Search code examples
rnames

Changing column names then converting all negative values to NA


Hi I am trying to change all my column names to different names and then convert all my column vectors which hold negative values to NA. I got the second part right but for some reason I am unable to properly change the column names to different names. This is my code; note that mscr is the csv with the column names I wish to change; I just rename it to df2. Thank you for your time and help.

df2 <- mscr %>%
  rename(
    caseid = R0000100,
    children2000 = R6389600
    )

df2 <- mscr
df2[df2 < 0] <- NA

Solution

  • I might be misunderstanding, but I think what you're doing is renaming the columns (successfully), and then over-writing the newly-renamed data with the original. That is,

    df2 <- mscr %>% rename(...)
    

    is correct, and the names should then be changed. The moment you then do

    df2 <- msvr
    

    before you then replace non-positive values, you revert any changes you made.

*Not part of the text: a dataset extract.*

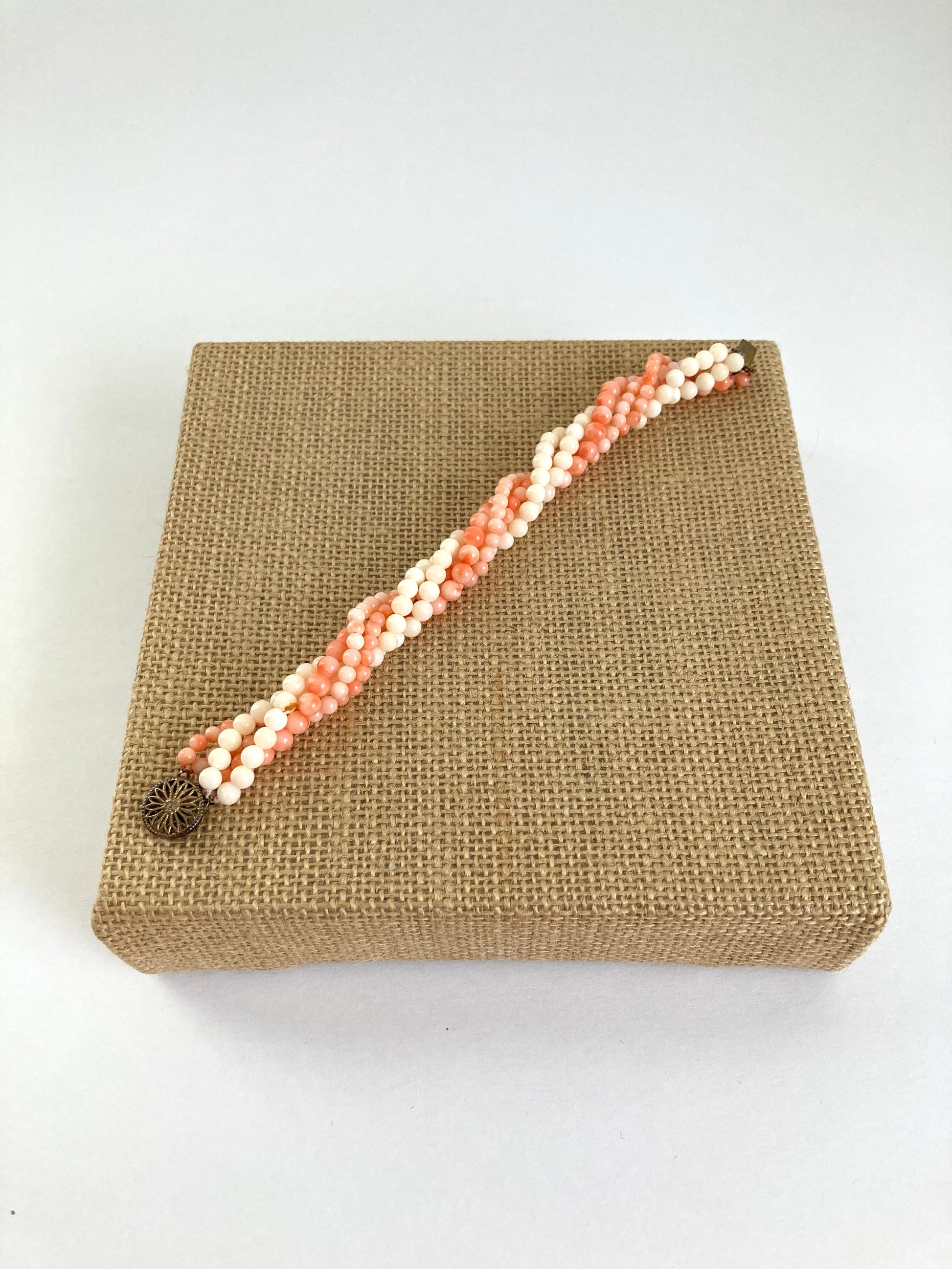 A beautiful five-strand beaded torsade style bracelet with a sterling silver floral clasp. This bracelet features two strands of white coral and three strands of pink angel skin coral beads. Two strands have smaller size beads, while three strands have slightly larger beads. This is a gorgeous bracelet in excellent condition.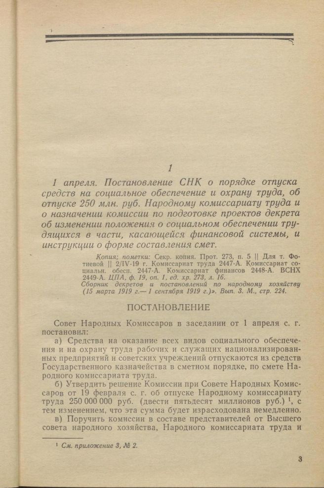 1 апреля. Постановление СНК о порядке отпуска средств на социальное обеспечение и охрану труда, об отпуске 250 млн. руб. Народному комиссариату труда и о назначении комиссии по подготовке проектов декрета об изменении положения о социальном обеспечении трудящихся в части, касающейся финансовой системы, и инструкции о форме составления смет // Копия; пометки: Секр. копия. Прот. 273, п. 5 || Для т. Фотиевой || 2/IV-19 г. Комиссариат труда 2447-А. Комиссариат социальн. обесп. 2447-А. Комиссариат финансов 2448-А. ВСНХ 2449-А. ЦПА, ф. 19, оп. 1, ед. хр. 273, л. 16. «Сборник декретов и постановлений по народному хозяйству (15 марта 1919 г.— 1 сентября 1919 г.)». Вып. 3. М., стр. 224.

    rename (and just about every "verb" function in dplyr and many in R) operates solely in a functional manner, which means the input data is completely unchanged. If it were changed in-place, this would be "side effect", and antithetic to the "normal/idiomatic way" to do things in R.

    Try this:

    library(dplyr)
    df2 <- mscr %>%
      rename(
        caseid = R0000100,
        children2000 = R6389600
      ) %>% 
      mutate(across(everything(), ~ if_else(. < 0, .[NA], .)))
    

    One would normally want to use just NA, but since NA is technically a logical class, and I'm inferring that your data is numeric or integer, we need to get the right class. One option is to do this step individually for numeric and then integer columns, for which we would use NA_real_ and NA_integer_, respectively. However, .[NA] in this case will give the NA classed the same as the original column data.